All raw expression data was produced using the Affymetrix Human Genome U133 Plus 2.0 Array™ (HG-U133_Plus_2, Affymetrix, Inc., Santa Clara, CA) and normalized with robust multi-array average (RMA) algorithms (Irizarry et al., 2003) using the affy R package (Gautier et al., 2004). The validation dataset was adjusted for potential batch effects among multiple datasets using the ComBat algorithm (Pavlou et al., 2014). Probe sets with available gene symbols were reserved for subsequent analysis and probe-level expression data were transformed into gene-level expression data by merging the probes according to the official annotation file. The average expression values for the multi-probes were calculated as the corresponding gene expression value for one gene. The primary endpoints for the training dataset were overall survival (OS) and disease-free survival (DFS); overall survival (OS) was regarded as the endpoint event for the validation dataset. Gene expression profiles (Illumina HiSeq RNA Seq), level 3 data, and phenotype data of stomach cancer from The Cancer Genome Atlas Project database (TCGA-STAD) were downloaded through the UCSC Xena portal (https://xena.ucsc.edu/) to validate the identified hub genes. All of the gene expression values were in log₂ (x + 1) transformed normalized count for subsequent analysis. Patients chosen for biomarker identification met the following criteria: (1) histologic diagnosis of primary GC; and (2) available RNA expression profiles and complete clinic-pathological and follow-up data. After sample filtering, 374 patients were enrolled for further analysis. The demographics are listed in Table 1. The hub genes were also validated in the cBio Cancer Genomics portal (https://www.cbioportal.org/) (Gao et al., 2013; Cerami et al., 2012). The Human Protein Atlas (http://www.proteinatlas.org) (HPA) was applied to the protein expression dataset to validate the immunohistochemistry of the identified hub genes. Tissues were defined by the normal tissues of stomach cancer and the pathology was defined by the tumor tissues. The selection process of the prognostic biomarkers is shown in Fig. 1.

Table 1:

Basic characteristics of the datasets.

Characteristics	Training dataset(n = 300)	Validation dataset(n = 248)	TCGA dataset(n = 374)
Gender (%)
Male	199 (66.33)	161 (64.92)	242 (64.71)
Female	101 (33.67)	87 (35.08)	132 (35.29)
Age: mean (sd)	61.94 (11.36)	65.40 (12.50)	65.11 (10.62)
Lauren type (%)
Intestinal	146 (48.67)	138 (55.65)	–
Diffuse	135 (45)	86 (34.68)	–
Mixed	17 (5.67)	22 (8.87)	–
Unknown	2 (0.67)	2 (0.81)	–
pStage (%)
I	30 (10)	42 (16.94)	52 (13.90)
II	97 (32.33)	40 (16.13)	121 (32.35)
III	96 (32)	91 (36.69)	164 (43.85)
IV	77 (25.67)	73 (29.44)	37 (9.89)
Unknown	0 (0.00)	2 (0.81)	0
Mol. Subtype (%)
MSS/TP53⁻	107 (35.67)	–	–
MSS/TP53⁺	79 (26.33)	–	–
MSI	68 (22.67)	–	–
MSS/EMT	46 (15.33)	–	–
OS
Time mean (sd)	50.60 (31.42)	38.81 (42.69)	20.40 (17.93)
Event (%)	152	122	146
DFS
Time mean (sd)	33.72 (29.82)	–	–
Event (%)	152	–	–

DOI: 10.7717/peerj.8504/table-1

Notes:

Overall survival (OS), Disease-free survival (DFS).

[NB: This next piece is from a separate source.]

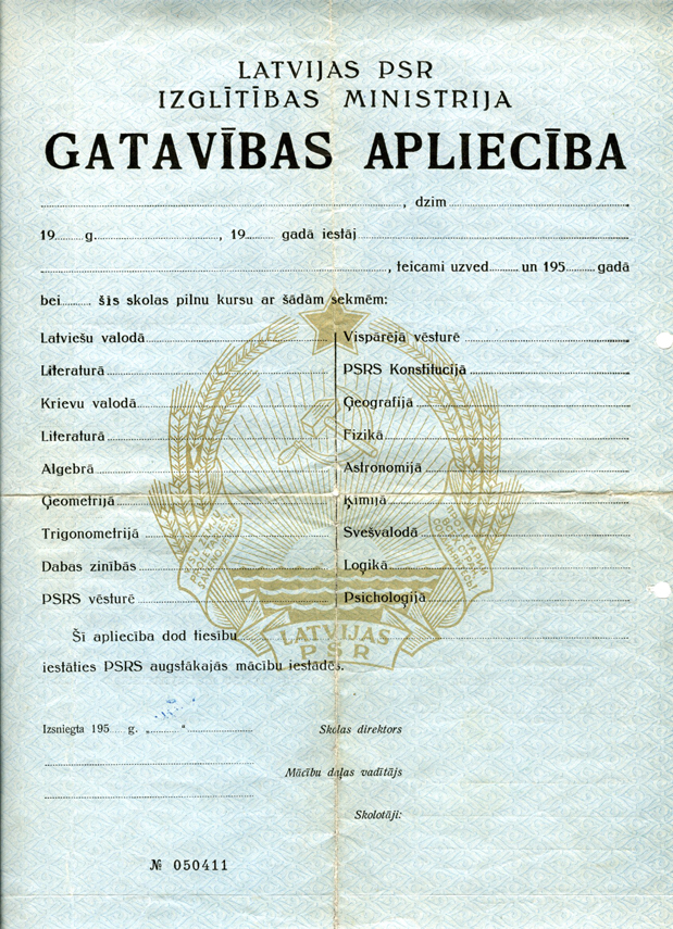 Аттестат зрелости Сергея Беляева об окончании школы рабочей молодёжи города Вентспилса Латвийской ССР. (20.06.1955)

Figure 1: Flow diagram of the study.

Download full-size image

DOI: 10.7717/peerj.8504/fig-1

Gastric carcinoma molecular subtypes

GC patients were divided into four groups according to their molecular subtypes as described by Cristescu et al. (2015). The molecular subtype signatures had the following tumor biomarkers: MSI (microsatellite instability); MSS/EMT (epithelial-tomesenchymal transition); MSS/TP53⁺ (the tumor protein 53 (TP53)-active); and MSS/TP53⁻ (the tumor protein 53 (TP53)-inactive). Information on the molecular subtypes can be found in the supplement materials of the original publication (Cristescu et al., 2015). In this dataset, 68 samples were classified as MSI, 46 samples were classified as MSS/EMT, 79 samples were classified as MSS/TP53⁺, and 107 samples were classified as MSS/TP53⁻. A subsequent survival analysis according to the molecular subtype was not performed in this dataset because the validation dataset lacked information regarding those subtypes.

Weighted gene co-expression network detection

The training dataset (GSE62254) was the target for WGCNA using the “wgcna” R package (Langfelder & Horvath, 2008). The top 5000 most variable genes were selected according to the median absolute deviation (MAD), which restricted the analysis to those genes with a notable variance in expression; MAD is a robust measure of variability for the construction of co-expression networks.

Pearson’s correlation coefficient (PCC) was used to assess the relationship between each pair of the 5000 genes. These data were used to construct an unsupervised co-expression-based adjacency matrix with a soft threshold power of 4 based on the scale-free topology criterion to raise the matrix to simulate a realistic network structure (Zhang & Horvath, 2005). The intramodular connectivity (k.in) measured how connected, or co-expressed, a given gene was with respect to the genes of a particular module. The connection strengths were assessed by calculating the topology overlap (TO) (Yip & Horvath, 2007), and the modules were defined as sets of genes with a high TO (Zhang & Horvath, 2005). The topological overlap matrix (TOM) was the network distance measure for each gene pair from the adjacent matrix. A TOM-based dissimilarity measure (1-TOM) was utilized to achieve an average hierarchical linkage clustering (Ravasz et al., 2002). Gene modules were defined using a dynamic hybrid branch-cutting algorithm with a cutoff of 0.95 and a minimum module size and cutoff of 30 in the hierarchical clustering dendrogram on the basis of TOM dissimilarity (Langfelder, Zhang & Horvath, 2008). The module eigengene (ME) was calculated by a principal component analysis (PCA) by defining the first principal component of a given module. The module membership, also known as eigengene-based connectivity kME, related each gene expression profile with the ME of a specific module. The MEs of a summary profile were used to assess the underlying correlation of gene modules with the clinico-pathological variables and survival.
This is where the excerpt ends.